Quels sont vos futurs projets ?
J’ai envie de continuer de raconter l’histoire d’Anushan dans un long-métrage parce que je me suis rendu compte que le court-métrage a été très bien reçu et s’est révélé être nécessaire. Des associations culturelles tamoules le projettent et des débats naissent après les projections. Des psychologues m’ont même dit que ce film pourrait être utile pour les personnes qui ont vécues la guerre. J’ai envie de poursuivre une carrière cinématographique, bien sûr. Parler de ma communauté tamoule me tient à cœur, mais il y a aussi d’autres sujets tabou que j’aimerais aborder dans mes prochains films.
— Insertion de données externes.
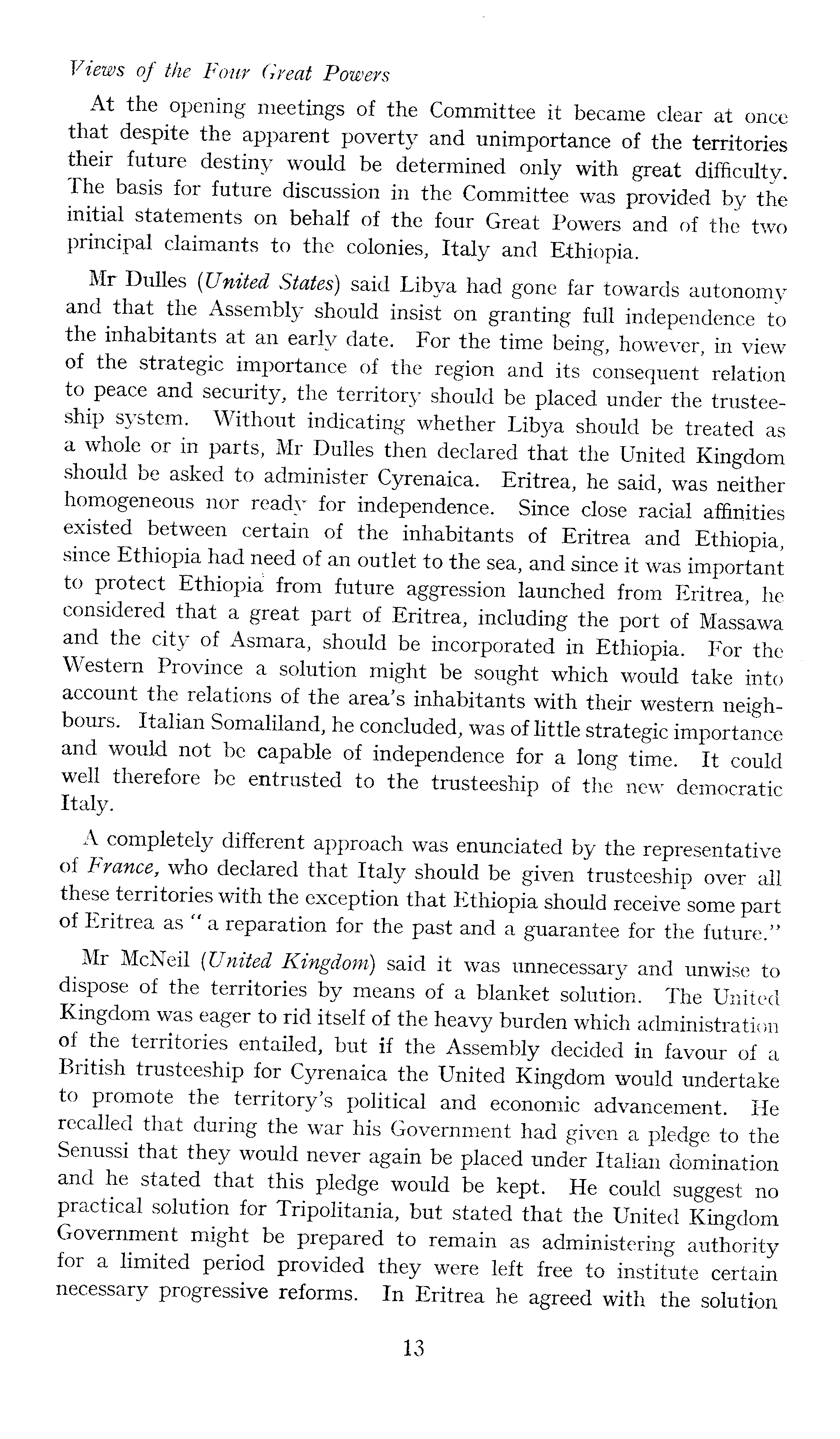 Views of the Four Great Powers At the opening meetings of the Committee it became clear at once that despite the apparent poverty and unimportance of the territories their future destiny would be determined only with great difficulty. The basis for future discussion in the Committee was provided by the initial statements on behalf of the four Great Powers and of the two principal claimants to the colonies, Italy and Ethiopia. Mr Dulles (United States) said Libya had gone far towards autonomy and that the Assembly should insist on granting full independence to the inhabitants at an early date. For the time being, however, in view of the strategic importance of the region and its consequent relation to peace and security, the territory should be placed under the trusteeship system. Without indicating whether Libya should be treated as a whole or in parts, Mr Dulles then declared that the United Kingdom should be asked to administer Cyrenaica. Eritrea, he said, was neither homogeneous nor ready for independence. Since close racial affinities existed between certain of the inhabitants of Eritrea and Ethiopia, since Ethiopia had need of an outlet to the sea, and since it was important to protect Ethiopia from future aggression launched from Eritrea, he considered that a great part of Eritrea, including the port of Massawa and the city of Asmara, should be incorporated in Ethiopia. For the Western Province a solution might be sought which would take into account the relations of the area's inhabitants with their western neighbours. Italian Somaliland, he concluded, was of little strategic importance and would not be capable of independence for a long time. It could well therefore be entrusted to the trusteeship of the new democratic Italy. A completely different approach was enunciated by the representative of France, who declared that Italy should be given trusteeship over all these territories with the exception that Ethiopia should receive'some part of Eritrea as a reparation for the past and a guarantee for the future." Mr McNeil (United Kingdom) said it was unnecessary and unwise to dispose of the territories by means of a blanket solution. The United Kingdom was eager to rid itself of the heavy burden which administration of the territories entailed, but if the Assembly decided in favour of a British trusteeship for Cyrenaica the United Kingdom would undertake to promote the territory's political and economic advancement. He recalled that during the war his Government had given a pledge to the Senussi that they would never again be placed under Italian domination and he stated that this pledge would be kept. He could suggest no practical solution for Tripolitania, but stated that the United Kingdom Government might be prepared to remain as administering authority for a limited period provided they were left free to institute certain necessary progressive reforms. In Eritrea he agreed with the solution

J’ai envie d’en parler à travers le regard d’une personne tamoule née en France, qui porte en elle une double culture.
Je me rends compte que le cinéma peut faire bouger les choses. J’aimerais qu’on parle du patriarcat qui nuit et qui est présent dans ma communauté. Parce que si on ne fait rien pour que ça bouge, les enfants vont reproduire ce patriarcat de générations en générations et il faut briser cette chaîne. Si le cinéma peut toucher une personne qui va se questionner, alors c’est le début d’un processus de changement.
Actualités d’ « Anushan »
* 26 avril 204 : projection en présence du réalisateur au studio des ursulines à Paris 5, dans le cadre d’une carte blanche sur le thème du lien familial pendant le Festival Format Court.
* Sélectionné au Prix Européen des médias pour l’intégration, CIVIS Media Prize 2024.